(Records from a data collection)

^^^^

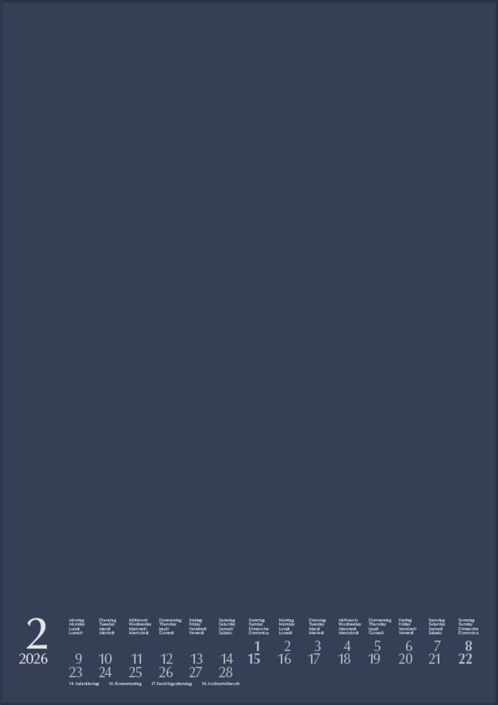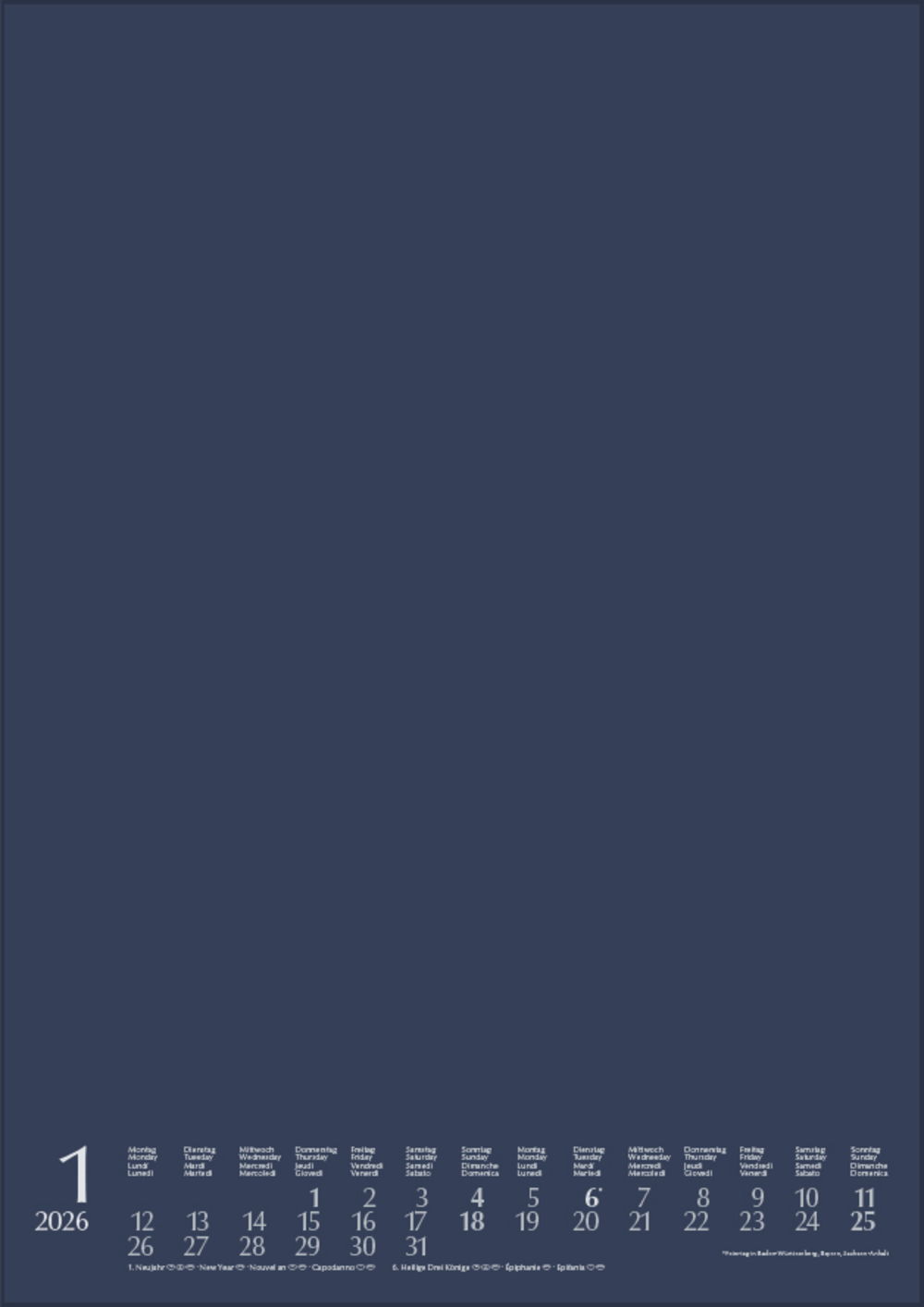 • Mehrsprachiges Kalendarium mit Feiertagen für Deutschland, Österreich und Schweiz
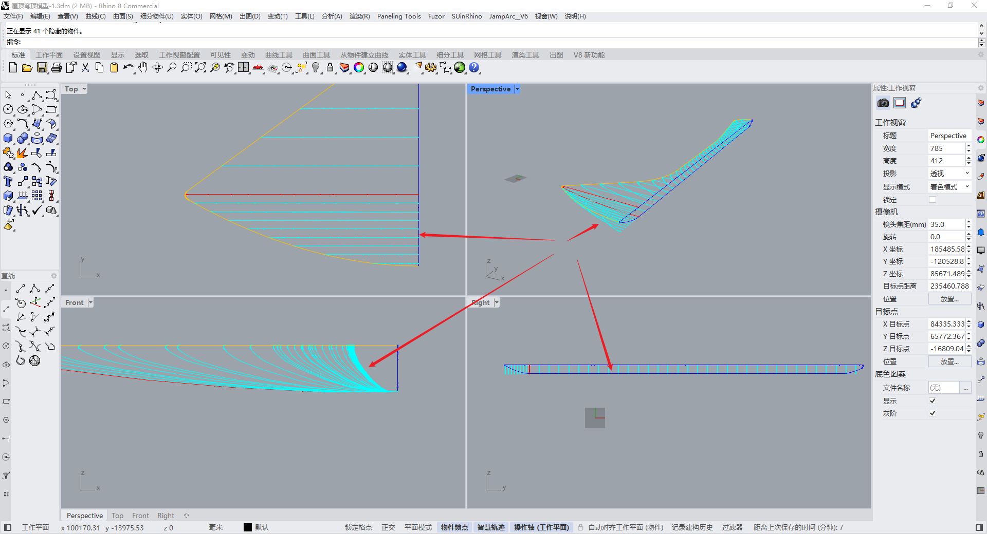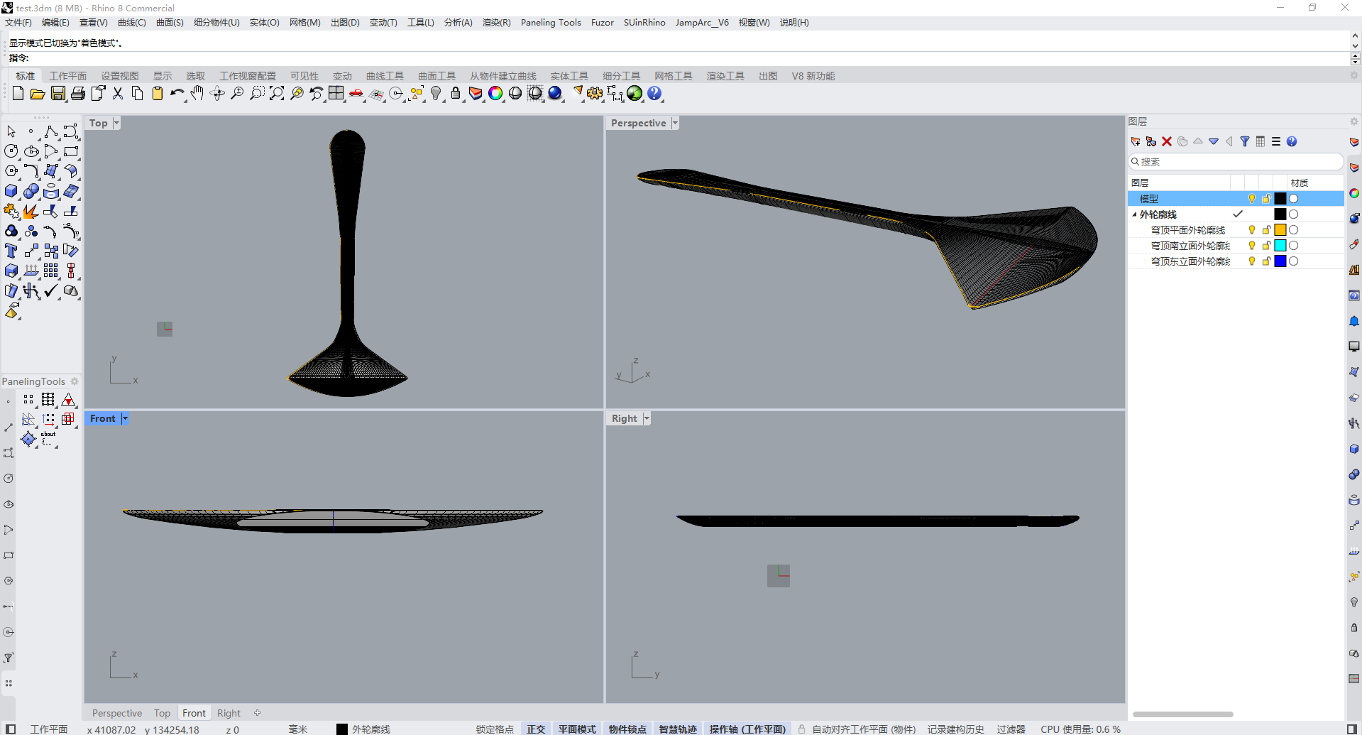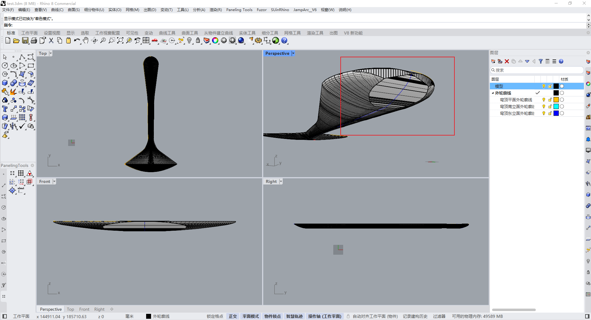 现在我想根据这个创建好的曲面造型,再来重新创建结构合理、布局均匀的新造型,使用了等距断面线来创建Nurbs曲面、网格的方法,已经使用Paneling Tools工具都无法创建出合理的曲面造型。
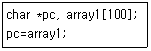 C언어의 포인터 조작 연산에서 변수 pc에 대입되는 것과 같은 결과를 갖는 것은?
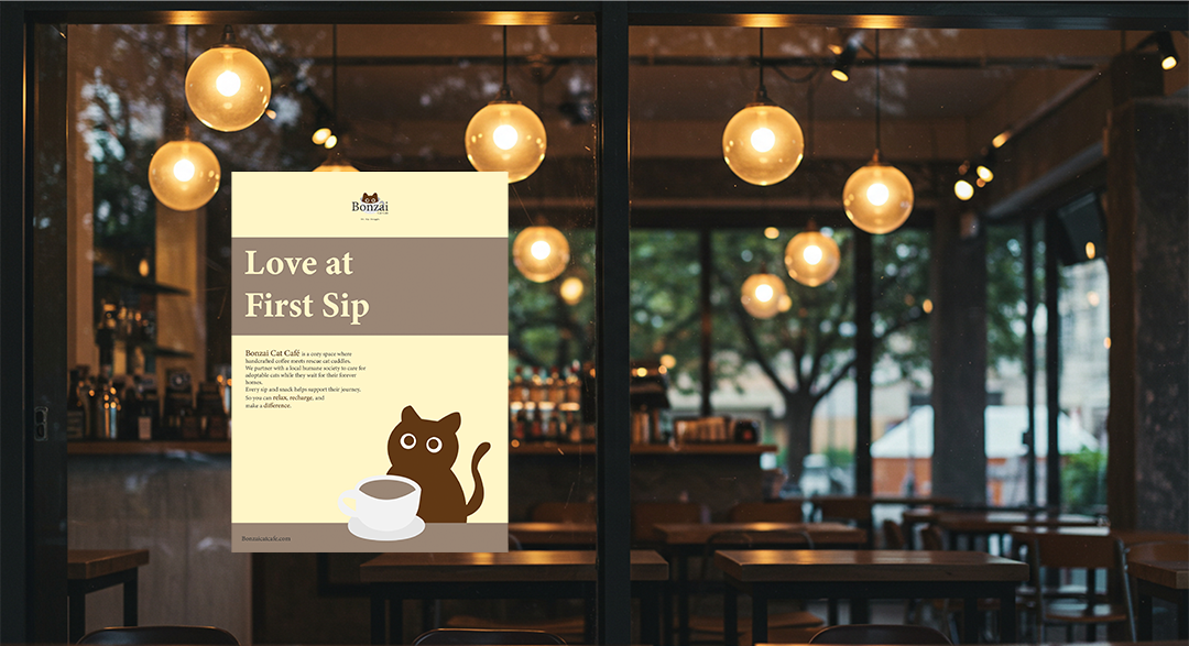 Developed a friendly and approachable visual identity using warm yellows and browns paired with calming greys, with illustrated elements that reflect the playful, comforting, and adoptable nature of the cats. The designs balance charm and clarity, making the brand feel both inviting and memorable.
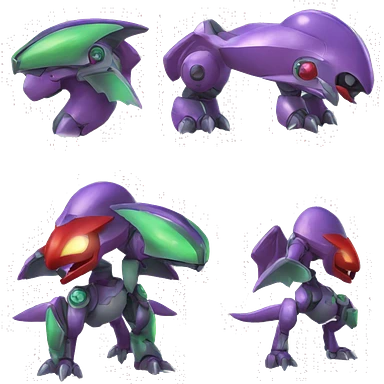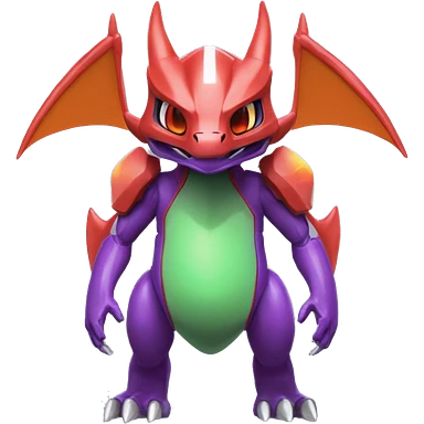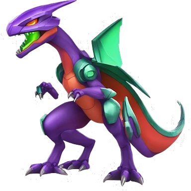 a shiny purple-green-red Genesect-Charizard-Raptor-Fakémon—hybrid with a futuristic visor-helmet full body emoji
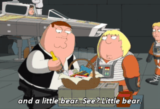 and a little bear. See? Little bear. "Hey, Luke, we had fun on the Death Star." Well, take care of yourself, Han. I guess that's what you're best at. Oh, look! A light saber cheese knife!
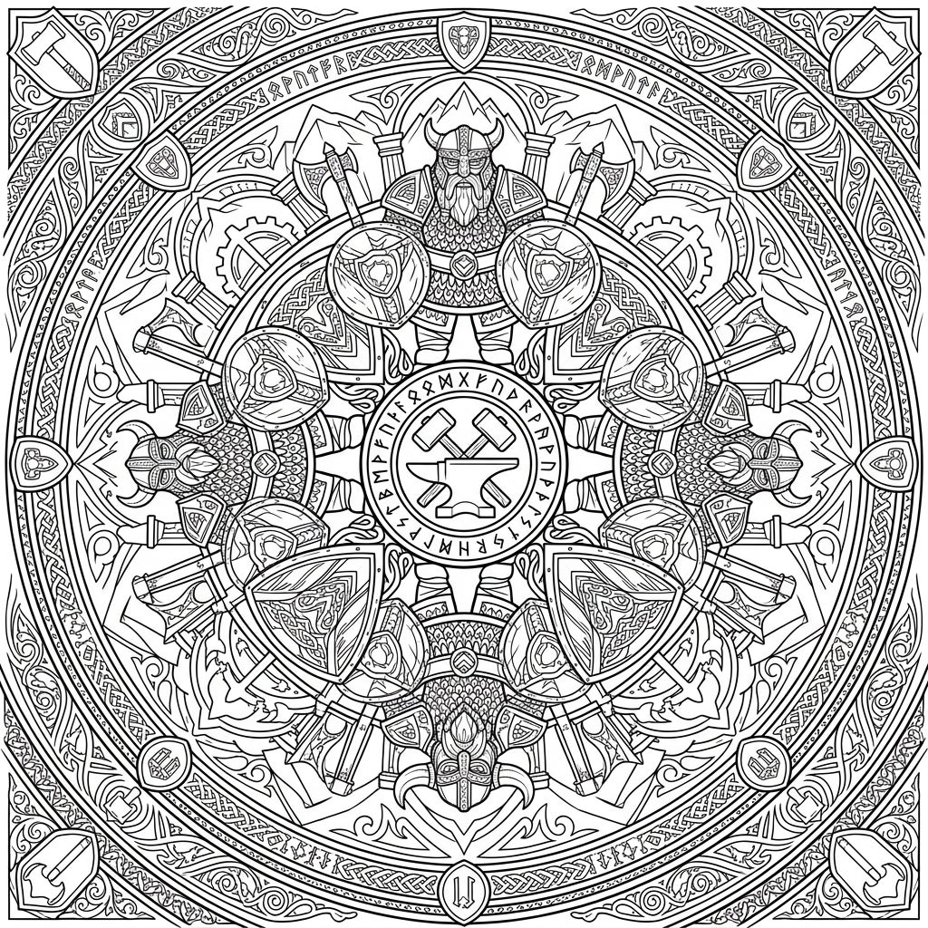 Step into a realm of ancient craftsmanship and steadfast loyalty with our Dwarf Guardian Mandala coloring page. This extraordinary design presents a perfectly symmetrical radial pattern, where stoic dwarven guardians stand sentinel. Each dwarf is adorned with finely detailed armor, horned helmets, and formidable axes, clutching ornate shields that form part of the circular rhythm. At the heart of this intricate composition lies a central anvil, flanked by hammers and encircled by mystical runes, symbolizing the dwarves' legendary forging skills.
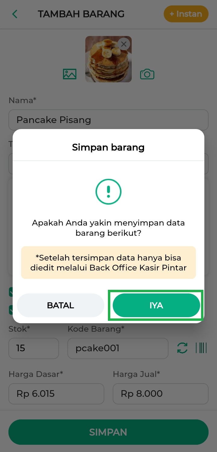 Sistem akan menampilkan halaman konfirmasi simpa barang seperti berikut, klik IYA.
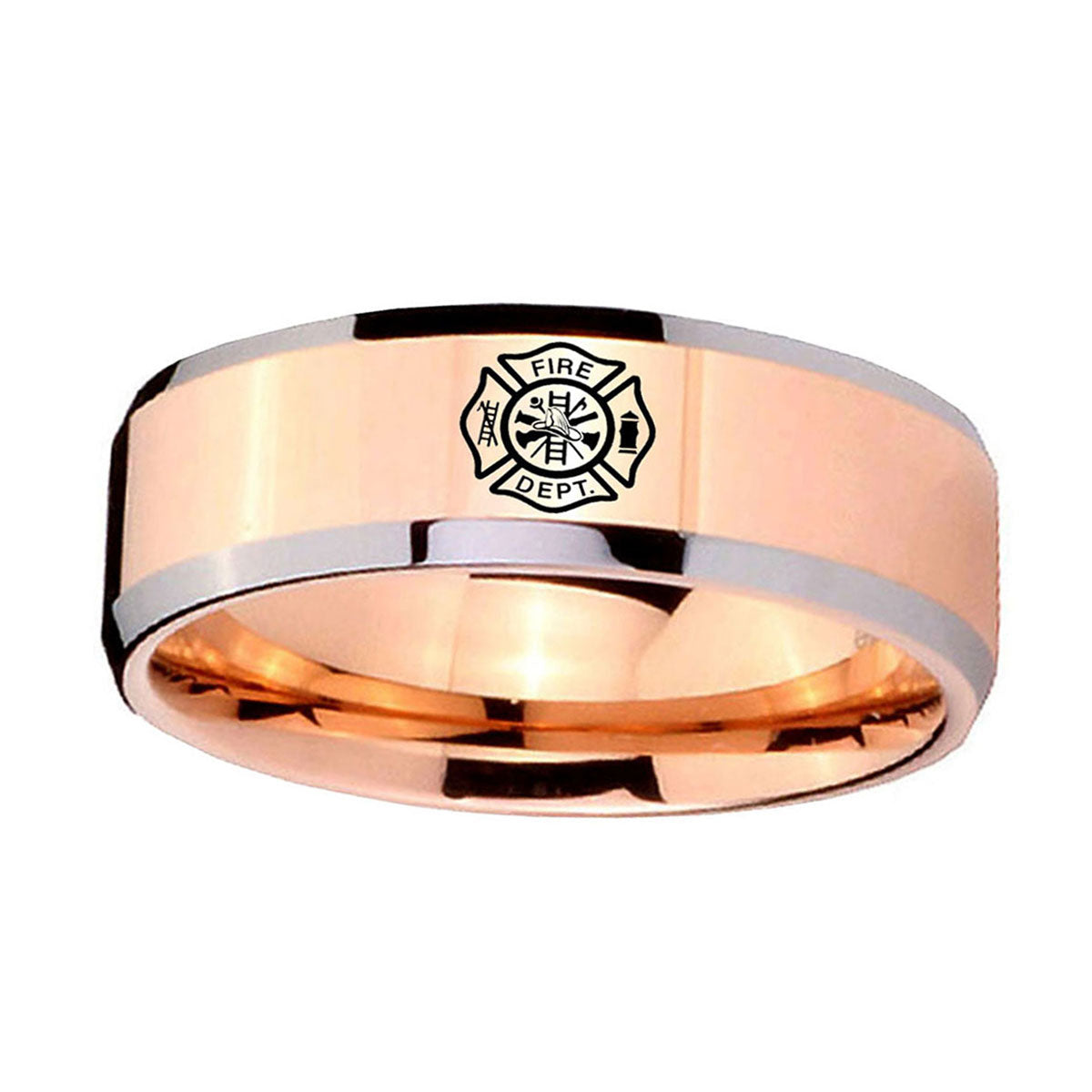 Introuding 5, 8mm Fire Department Beveled Edges Rose Gold Tungsten Mens Engagement Band . Offer in both 5mm and 8mm band width rose gold two tone finished from size 4 to 14
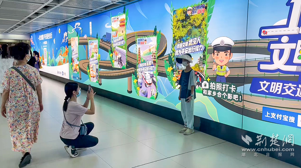 交通環境是城市文明的窗口,離不開每一位參與者的創造和守護。在武漢市中山公園地鐵站A通道設置有“一米文明路”交通安全主題展,長長的走廊兩側描繪著湖北17座城市的秀麗山水和安全出行、文明禮讓的街景,路過的行人紛紛駐足觀看,舉起手機和展畫上自己的家鄉拍照合影。通過活潑生動、形式多樣、群眾喜聞樂見的方式,湖北交警持續向廣大交通參與者普及交通安全知識,傳遞文明出行理念。
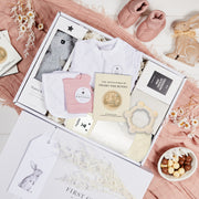 The Luxury Baby hamper is the ultimate indulgence for any new arrival. It features a free pair of michu branded baby UGGs to keep those little toes warm and snug, and a soft and cuddly Rupert & Jane Henry plush bunny for baby to cherish. The hamper also includes a Rupert & Jane full body romper, beanie, and bib that provide comfortable and stylish options for baby's wardrobe. The michu knitted luxury baby blanket is perfect for snuggles and naps, while the Hopscotch mixed chocolate raspberries provide a sweet treat. To complete this luxurious hamper, we've included a beautiful book from Rupert & Jane collection, ensuring that this gift will be treasured for years to come. Spoil a little one with the very best in luxury and comfort with this indulgent hamper.
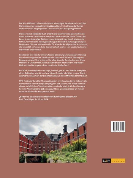 Die Alte Mälzerei Lichtenrade ist ein lebendiges Baudenkmal und das Herzstück eines innovativen Stadtquartiers. Im Lichtenrader Revier verbinden sich Vergangenheit und Zukunft auf einzigartige Weise. Dieses reich bebilderte Buch erzählt die faszinierende Geschichte der Alten Mälzerei. Einfühlsame Texte und eindrucksvolle Bilder führen die Leser in das lebendige Zentrum einer Vorstadt, das durch kluge Architektur, harmonische Raumgestaltung und sensible Nutzungskonzepte begeistert. Die Alte Mälzerei steht für eine denkmalgerechte Architektur, die Identität stiftet und die Gemeinschaft stärkt - ein Vorbild zukunftsweisenden Städtebaus.Entdecken Sie, wie durch behutsame Sanierung und visionäre Planung aus einem vergessenen Gebäude ein Zentrum für Kultur, Bildung und Begegnung wird. Und erfahren Sie alles über die Geschichte der Alten Mälzerei in Lichtenrade. Wie funktioniert ein Becherwerk, wie wurde Malz auf der Darre getrocknet durch die "heiße Sau"? Ein Buch, das inspiriert und zeigt, wie viel "graue" und soziale Energie in alten Gebäuden steckt, und wie diese Orte der Identität unsere Stadtquartiere zu Räumen der Lebensqualität und des Miteinanders machen. UTB-Projektentwickler Thomas Bestgen im Interview, Kevin Kühnert als Lichtenrader beim Kiezspaziergang mit der Autorin, die vielen Akteure dieser vorbildlichen Transformation sowie die eindrücklichen Fotografien der Alten Mälzerei geben Auskunft zur Qualität dieses alt-neuen Ortes im Süden der Hauptstadt Berlin."Bedarf es eines weiteren Plädoyers für Projekte dieser Art?"Prof. Gerd Jäger, Architekt BDA

^^^^

What is expected: Treat the line with "a shiny purple-green-red" as the start and the line with "交通環境是城市文明的窗口,離" as the end, and return exactly that span of the data above, both ends included, without pictures.

Result below:
 a shiny purple-green-red Genesect-Charizard-Raptor-Fakémon—hybrid with a futuristic visor-helmet full body emoji
 and a little bear. See? Little bear. "Hey, Luke, we had fun on the Death Star." Well, take care of yourself, Han. I guess that's what you're best at. Oh, look! A light saber cheese knife!
 Step into a realm of ancient craftsmanship and steadfast loyalty with our Dwarf Guardian Mandala coloring page. This extraordinary design presents a perfectly symmetrical radial pattern, where stoic dwarven guardians stand sentinel. Each dwarf is adorned with finely detailed armor, horned helmets, and formidable axes, clutching ornate shields that form part of the circular rhythm. At the heart of this intricate composition lies a central anvil, flanked by hammers and encircled by mystical runes, symbolizing the dwarves' legendary forging skills.
 Sistem akan menampilkan halaman konfirmasi simpa barang seperti berikut, klik IYA.
 Introuding 5, 8mm Fire Department Beveled Edges Rose Gold Tungsten Mens Engagement Band . Offer in both 5mm and 8mm band width rose gold two tone finished from size 4 to 14
 交通環境是城市文明的窗口,離不開每一位參與者的創造和守護。在武漢市中山公園地鐵站A通道設置有“一米文明路”交通安全主題展,長長的走廊兩側描繪著湖北17座城市的秀麗山水和安全出行、文明禮讓的街景,路過的行人紛紛駐足觀看,舉起手機和展畫上自己的家鄉拍照合影。通過活潑生動、形式多樣、群眾喜聞樂見的方式,湖北交警持續向廣大交通參與者普及交通安全知識,傳遞文明出行理念。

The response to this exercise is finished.